• WORK TASK
Below are the entries. Print only the lines starting at the one with "- 动态服务发现:Nacos" and ending at the one with "A bronze figure", exactly, with no pictures.

• THE DATA
----
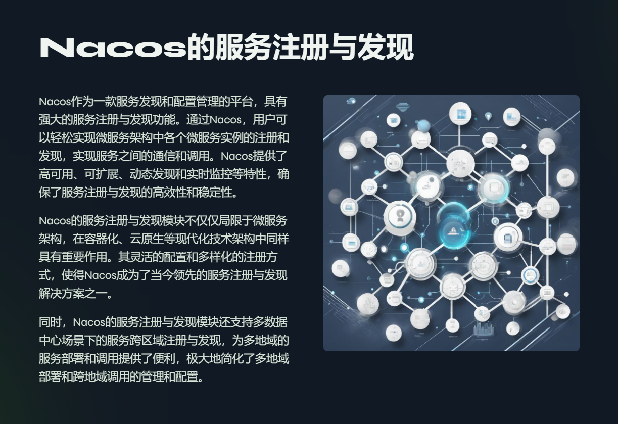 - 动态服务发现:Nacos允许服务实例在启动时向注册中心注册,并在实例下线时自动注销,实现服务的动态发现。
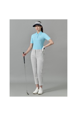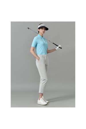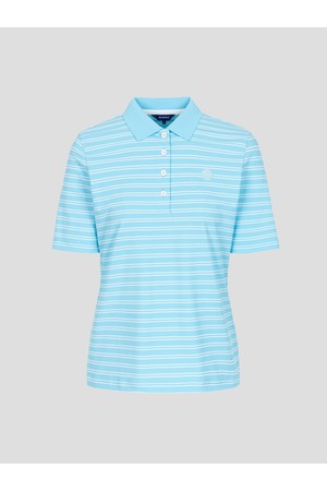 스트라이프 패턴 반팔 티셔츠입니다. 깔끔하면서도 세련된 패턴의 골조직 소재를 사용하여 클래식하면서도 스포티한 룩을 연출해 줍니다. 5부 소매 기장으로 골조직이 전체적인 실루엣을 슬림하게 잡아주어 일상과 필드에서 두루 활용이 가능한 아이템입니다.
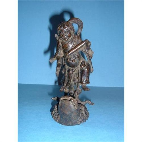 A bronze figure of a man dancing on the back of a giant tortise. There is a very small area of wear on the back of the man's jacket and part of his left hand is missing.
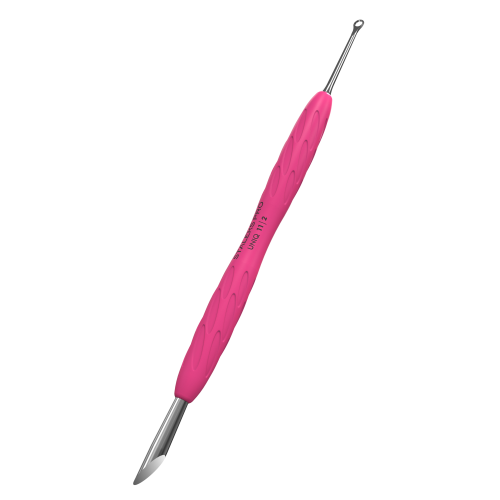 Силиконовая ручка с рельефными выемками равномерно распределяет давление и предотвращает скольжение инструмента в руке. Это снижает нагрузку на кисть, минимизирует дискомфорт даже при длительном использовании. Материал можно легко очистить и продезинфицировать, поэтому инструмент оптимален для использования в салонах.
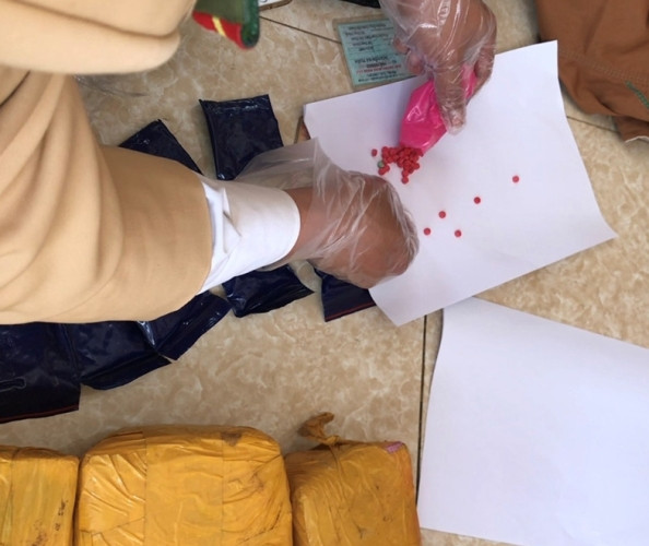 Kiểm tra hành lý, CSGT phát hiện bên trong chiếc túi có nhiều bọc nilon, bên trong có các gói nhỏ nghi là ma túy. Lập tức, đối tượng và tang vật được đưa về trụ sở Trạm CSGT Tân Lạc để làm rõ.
----
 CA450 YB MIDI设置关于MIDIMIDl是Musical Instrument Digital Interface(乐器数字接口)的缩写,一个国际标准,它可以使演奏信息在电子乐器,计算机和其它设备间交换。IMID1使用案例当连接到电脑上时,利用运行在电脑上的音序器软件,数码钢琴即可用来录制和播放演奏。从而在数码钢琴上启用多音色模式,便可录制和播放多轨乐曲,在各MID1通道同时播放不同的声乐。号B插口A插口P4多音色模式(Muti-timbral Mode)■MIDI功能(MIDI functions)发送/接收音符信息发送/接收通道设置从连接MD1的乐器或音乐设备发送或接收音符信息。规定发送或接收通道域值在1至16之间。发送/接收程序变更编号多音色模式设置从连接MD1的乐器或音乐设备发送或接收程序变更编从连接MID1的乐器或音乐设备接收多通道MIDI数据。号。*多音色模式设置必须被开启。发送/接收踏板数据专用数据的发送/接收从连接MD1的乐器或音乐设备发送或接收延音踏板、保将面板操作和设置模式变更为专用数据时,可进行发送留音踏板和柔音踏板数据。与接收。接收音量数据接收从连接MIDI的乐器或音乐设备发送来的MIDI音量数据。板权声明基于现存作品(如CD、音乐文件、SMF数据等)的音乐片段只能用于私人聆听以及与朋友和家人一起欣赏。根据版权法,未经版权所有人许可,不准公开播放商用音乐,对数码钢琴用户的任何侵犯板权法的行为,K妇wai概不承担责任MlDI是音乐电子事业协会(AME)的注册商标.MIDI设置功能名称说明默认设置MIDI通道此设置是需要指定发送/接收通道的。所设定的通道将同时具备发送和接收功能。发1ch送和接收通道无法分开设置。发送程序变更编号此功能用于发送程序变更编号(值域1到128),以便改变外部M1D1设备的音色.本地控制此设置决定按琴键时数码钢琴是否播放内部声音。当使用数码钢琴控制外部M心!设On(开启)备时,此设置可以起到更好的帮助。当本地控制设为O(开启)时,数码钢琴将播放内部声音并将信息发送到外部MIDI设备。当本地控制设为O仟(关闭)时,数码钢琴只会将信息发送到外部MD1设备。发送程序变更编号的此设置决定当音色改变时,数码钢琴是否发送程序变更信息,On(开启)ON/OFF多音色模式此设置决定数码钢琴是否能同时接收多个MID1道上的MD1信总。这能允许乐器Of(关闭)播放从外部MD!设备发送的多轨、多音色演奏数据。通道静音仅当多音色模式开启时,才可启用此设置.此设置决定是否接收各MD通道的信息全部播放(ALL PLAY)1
----
• RESULT FOR THIS EXERCISE
 - 动态服务发现:Nacos允许服务实例在启动时向注册中心注册,并在实例下线时自动注销,实现服务的动态发现。
 스트라이프 패턴 반팔 티셔츠입니다. 깔끔하면서도 세련된 패턴의 골조직 소재를 사용하여 클래식하면서도 스포티한 룩을 연출해 줍니다. 5부 소매 기장으로 골조직이 전체적인 실루엣을 슬림하게 잡아주어 일상과 필드에서 두루 활용이 가능한 아이템입니다.
 A bronze figure of a man dancing on the back of a giant tortise. There is a very small area of wear on the back of the man's jacket and part of his left hand is missing.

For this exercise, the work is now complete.